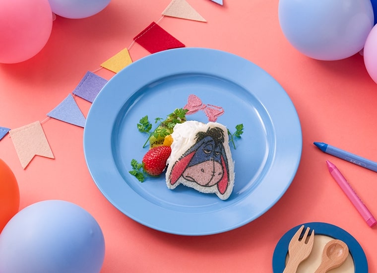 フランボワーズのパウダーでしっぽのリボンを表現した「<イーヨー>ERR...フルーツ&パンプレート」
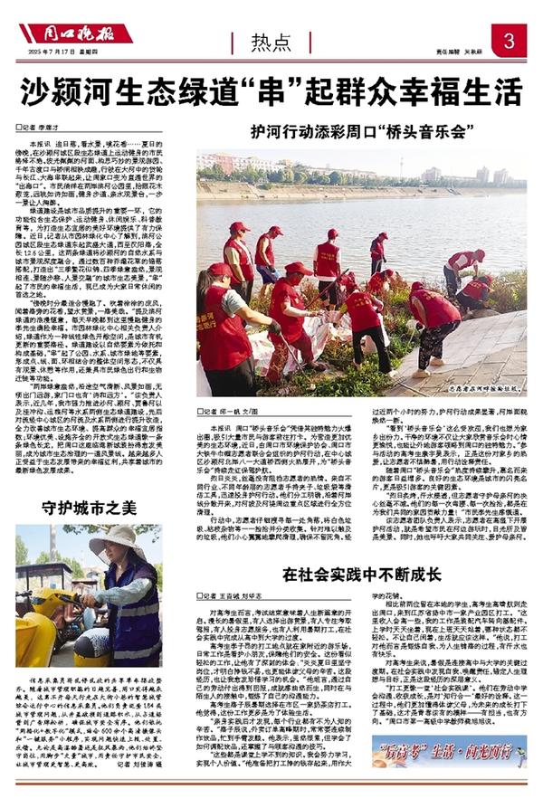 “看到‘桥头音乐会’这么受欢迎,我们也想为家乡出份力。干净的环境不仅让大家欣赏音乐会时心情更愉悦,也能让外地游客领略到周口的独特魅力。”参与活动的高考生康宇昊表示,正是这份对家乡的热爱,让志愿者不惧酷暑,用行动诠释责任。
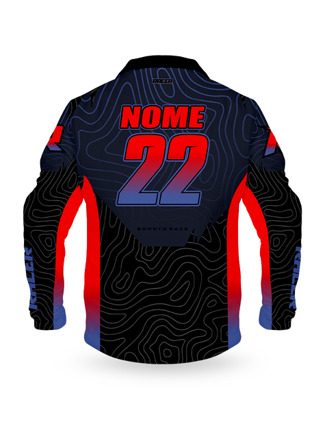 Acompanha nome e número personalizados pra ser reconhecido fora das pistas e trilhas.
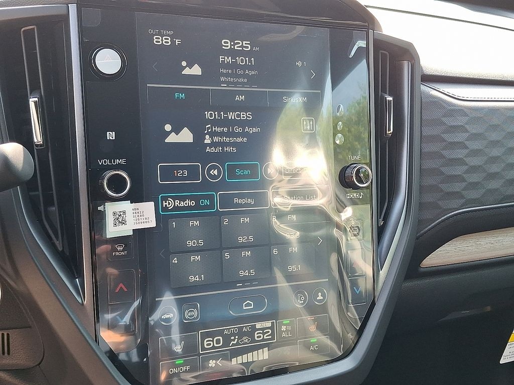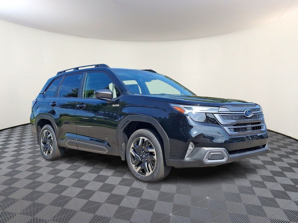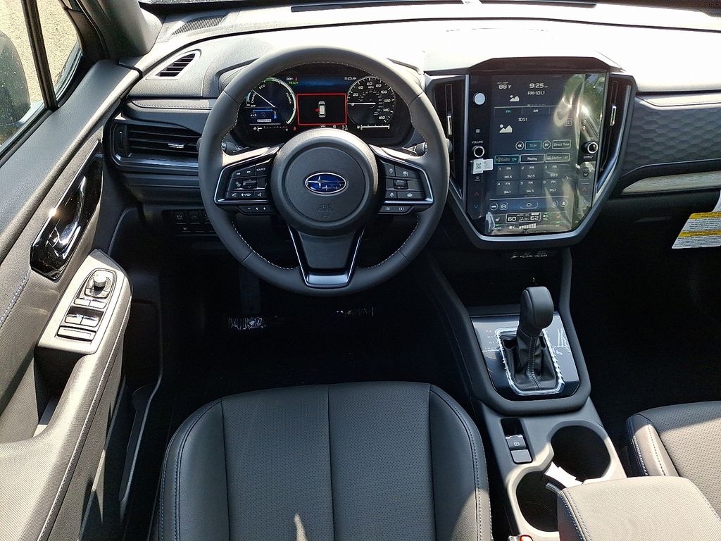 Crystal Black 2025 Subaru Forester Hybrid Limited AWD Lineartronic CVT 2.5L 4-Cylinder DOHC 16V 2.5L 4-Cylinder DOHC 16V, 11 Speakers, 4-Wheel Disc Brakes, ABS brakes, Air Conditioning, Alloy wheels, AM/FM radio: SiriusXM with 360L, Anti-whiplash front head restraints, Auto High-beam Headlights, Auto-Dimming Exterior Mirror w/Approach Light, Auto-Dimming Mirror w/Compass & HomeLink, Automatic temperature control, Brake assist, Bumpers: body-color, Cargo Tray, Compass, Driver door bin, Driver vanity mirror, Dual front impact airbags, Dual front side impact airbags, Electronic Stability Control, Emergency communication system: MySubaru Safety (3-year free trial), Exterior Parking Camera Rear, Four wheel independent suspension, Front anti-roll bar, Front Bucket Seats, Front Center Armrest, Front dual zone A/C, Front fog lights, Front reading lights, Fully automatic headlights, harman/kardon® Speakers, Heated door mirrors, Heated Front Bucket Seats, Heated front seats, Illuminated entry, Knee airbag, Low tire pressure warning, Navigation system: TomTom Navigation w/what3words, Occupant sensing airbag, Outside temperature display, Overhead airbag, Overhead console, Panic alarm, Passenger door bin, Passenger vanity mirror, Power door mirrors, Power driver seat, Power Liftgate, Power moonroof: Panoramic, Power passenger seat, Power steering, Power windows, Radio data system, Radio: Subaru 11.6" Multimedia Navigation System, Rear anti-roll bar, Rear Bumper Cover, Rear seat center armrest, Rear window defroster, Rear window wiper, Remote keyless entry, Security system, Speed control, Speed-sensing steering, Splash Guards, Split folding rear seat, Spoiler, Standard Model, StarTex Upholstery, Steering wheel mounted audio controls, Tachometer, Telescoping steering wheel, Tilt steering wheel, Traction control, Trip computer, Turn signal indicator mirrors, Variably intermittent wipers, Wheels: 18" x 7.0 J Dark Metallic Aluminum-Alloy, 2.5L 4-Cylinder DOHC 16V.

++++++

Your instructions: Beginning with the first line of the material above, please output each line exactly through the line that contains "Acompanha nome e", and only those, leaving out pictures.

Exercise answer:
 フランボワーズのパウダーでしっぽのリボンを表現した「<イーヨー>ERR...フルーツ&パンプレート」
 “看到‘桥头音乐会’这么受欢迎,我们也想为家乡出份力。干净的环境不仅让大家欣赏音乐会时心情更愉悦,也能让外地游客领略到周口的独特魅力。”参与活动的高考生康宇昊表示,正是这份对家乡的热爱,让志愿者不惧酷暑,用行动诠释责任。
 Acompanha nome e número personalizados pra ser reconhecido fora das pistas e trilhas.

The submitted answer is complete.